**** DATA BLOCK
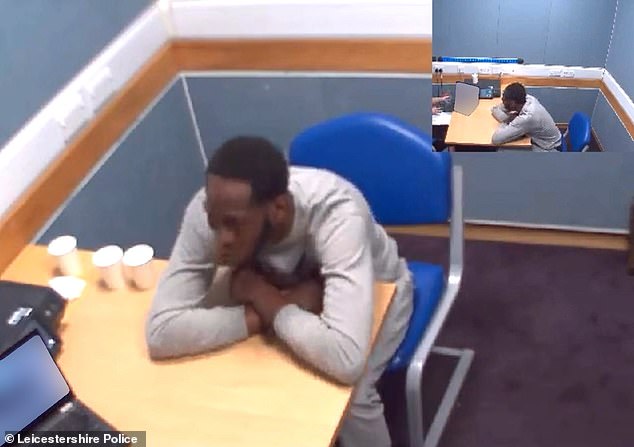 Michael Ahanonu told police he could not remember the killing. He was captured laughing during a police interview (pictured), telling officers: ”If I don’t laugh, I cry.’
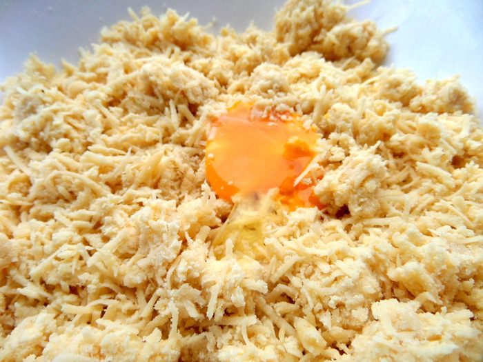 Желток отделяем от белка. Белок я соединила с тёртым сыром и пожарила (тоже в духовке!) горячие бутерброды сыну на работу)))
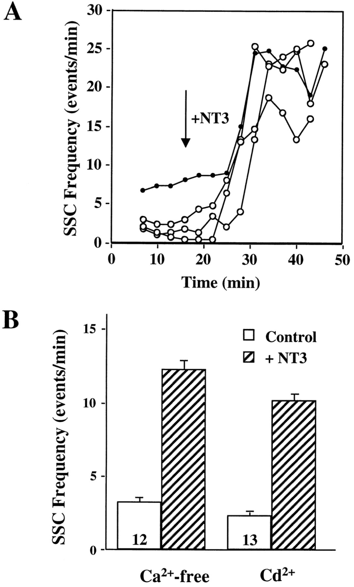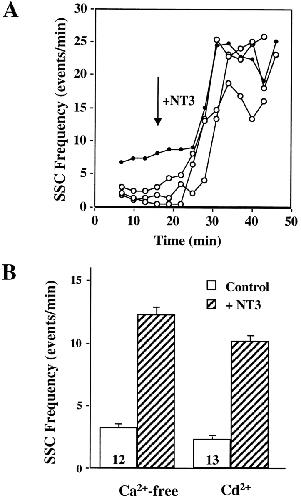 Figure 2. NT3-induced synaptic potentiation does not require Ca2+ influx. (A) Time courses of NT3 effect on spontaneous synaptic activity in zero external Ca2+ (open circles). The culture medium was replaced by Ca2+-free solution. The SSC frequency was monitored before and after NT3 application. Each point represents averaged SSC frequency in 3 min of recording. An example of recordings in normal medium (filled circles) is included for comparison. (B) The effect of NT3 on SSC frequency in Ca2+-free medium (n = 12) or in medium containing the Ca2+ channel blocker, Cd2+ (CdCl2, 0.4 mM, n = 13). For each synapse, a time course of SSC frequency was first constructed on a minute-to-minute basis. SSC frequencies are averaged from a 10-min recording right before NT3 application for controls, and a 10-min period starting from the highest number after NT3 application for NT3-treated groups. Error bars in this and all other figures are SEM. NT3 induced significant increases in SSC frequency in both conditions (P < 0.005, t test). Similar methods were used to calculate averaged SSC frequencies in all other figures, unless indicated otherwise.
********
▶ TASK STATEMENT
Copy each line above exactly, with no images.

▶ RESULT BELOW
 Michael Ahanonu told police he could not remember the killing. He was captured laughing during a police interview (pictured), telling officers: ”If I don’t laugh, I cry.’
 Желток отделяем от белка. Белок я соединила с тёртым сыром и пожарила (тоже в духовке!) горячие бутерброды сыну на работу)))
 Figure 2. NT3-induced synaptic potentiation does not require Ca2+ influx. (A) Time courses of NT3 effect on spontaneous synaptic activity in zero external Ca2+ (open circles). The culture medium was replaced by Ca2+-free solution. The SSC frequency was monitored before and after NT3 application. Each point represents averaged SSC frequency in 3 min of recording. An example of recordings in normal medium (filled circles) is included for comparison. (B) The effect of NT3 on SSC frequency in Ca2+-free medium (n = 12) or in medium containing the Ca2+ channel blocker, Cd2+ (CdCl2, 0.4 mM, n = 13). For each synapse, a time course of SSC frequency was first constructed on a minute-to-minute basis. SSC frequencies are averaged from a 10-min recording right before NT3 application for controls, and a 10-min period starting from the highest number after NT3 application for NT3-treated groups. Error bars in this and all other figures are SEM. NT3 induced significant increases in SSC frequency in both conditions (P < 0.005, t test). Similar methods were used to calculate averaged SSC frequencies in all other figures, unless indicated otherwise.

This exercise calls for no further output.